PyConDE & PyData Berlin 2024

Pandas + Dask DataFrame 2.0 - Comparison to Spark, DuckDB and Polars
04-23, 14:10–14:40 (Europe/Berlin), B05-B06

Dask is a library for distributed computing with Python that integrates tightly with pandas. Historically, Dask was the easiest choice to use (it’s just pandas) but struggled to achieve robust performance (there were many ways to accidentally perform poorly). The re-implementation of the DataFrame API addresses all of the pain points that users ran into. We will look into how Dask is a lot faster now, how it performs on benchmarks that is struggled with in the past and how it compares to other tools like Spark, DuckDB and Polars.


Dask is a library for distributed computing with Python that integrates tightly with pandas and other libraries from the PyData stack. It offers a DataFrame API that wraps pandas and thus offers an easy transition into the big data space.

Historically, Dask was the easiest choice to use (it’s just pandas) but struggled to achieve robust performance (there were many ways to accidentally perform poorly). It was great for experts, but bad for novices. Other tools (Spark, DuckDB, Polars) just did this better.

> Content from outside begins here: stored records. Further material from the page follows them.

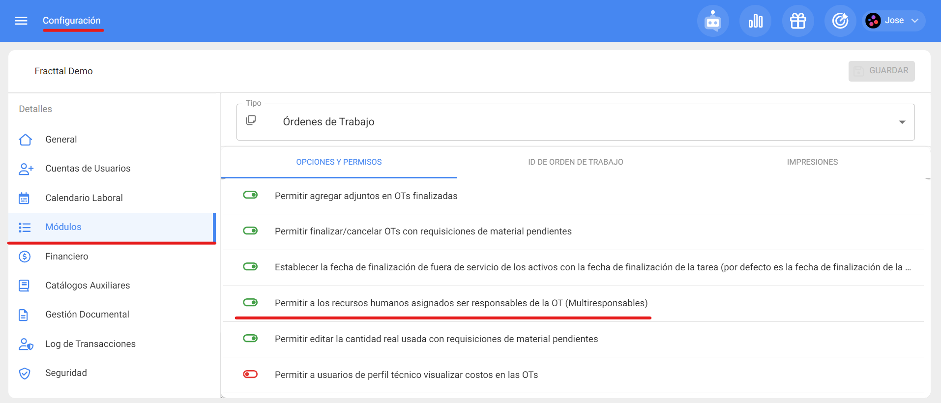 Cordial saludo Andrés, te contamos que en Fracttal One se ha implementado la nueva opción de multirresponsable, donde ahora al momento de tener habilitada la opción que se detalla en la Figura 1, todas los usuarios que registres como recurso humano dentro de alguna de las tareas de una orden de trabajo, podrán interactuar y ejecutar las tareas tal cual las puede realizar el responsable de la orden de trabajo.
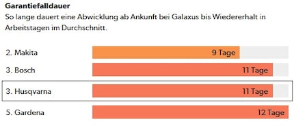 Unter «Garantiefalldauer» sieht die Kundschaft, wie lange es im Schnitt dauert, bis ein Produkt einer Marke in der jeweiligen Kategorie bei einem Garantiefall zurück beim Besitzer oder bei der Besitzerin ist. Ins Ranking fliessen hier ebenfalls die Daten der letzten 24 Monate ein. Bei Rasenmähern von Husqvarna dauert es beispielsweise in der Regel elf Tage, bis ein Ersatz da oder die reparierte Maschine zurück ist. Die Konkurrenz von Einhell schafft dasselbe in durchschnittlich fünf Tagen.
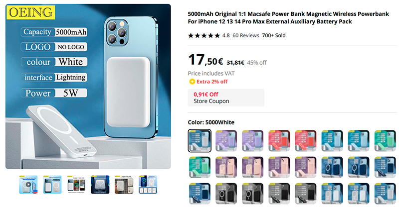 Оригинальный аккумулятор MagSafe на 5000 мАч с мощностью 5 Вт стоит €99. А вот неоригинальный разных цветов.
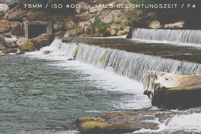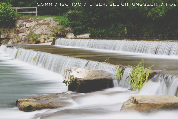 Das Wasser wird sehr weich und fließend, ein bisschen nebelig sein. Freihand bekommt man das nicht hin, weil man zu sehr wackelt. Wie ihr seht, muss die Blende aber sehr hoch eingestellt sein, dh, es kommt nur wenig Licht durch > Da die Verschlusszeit so hoch ist, wird das bild sowieso hell, darum Blende ebenfalls hochstellen (= weniger Licht).

Fortunately, these pain points have been fixed with the following features:

  • A new and vastly improved shuffle algorithm
  • A logical query planning layer to improve performance and usability
  • A reduced memory footprint through a more efficient data model due to pandas 2.0

We will look into how these changes work together across pandas, Arrow, and Dask to provide a better UX and a more robust and faster system overall. Additionally, we will look into a comparison of Dask against other tools in the big data space, including Spark, Polars and DuckDB.

We will use the TPC-H benchmarks to compare these tools. We will look ahead into what the future will bring for pandas and Dask and how the logical query planning layer can be extended to fit other frameworks like Dask Array and XArray.


Abstract as a tweet (X) or toot (Mastodon)

Dask DataFrame is fast now - The re-implementation of DataFrames in Dask is fast, reliable and fun.

Expected audience expertise: Domain

Novice

Expected audience expertise: Python

Novice

See also: Slides (2.4 MB)

Patrick Hoefler is a member of the pandas core team and a Dask maintainer. He is currently working at Coiled where he focuses on Dask development and the integration of a logical query planning layer into Dask. He holds a Msc degree in Mathematics and works towards a Msc in Software engineering at the University of Oxford.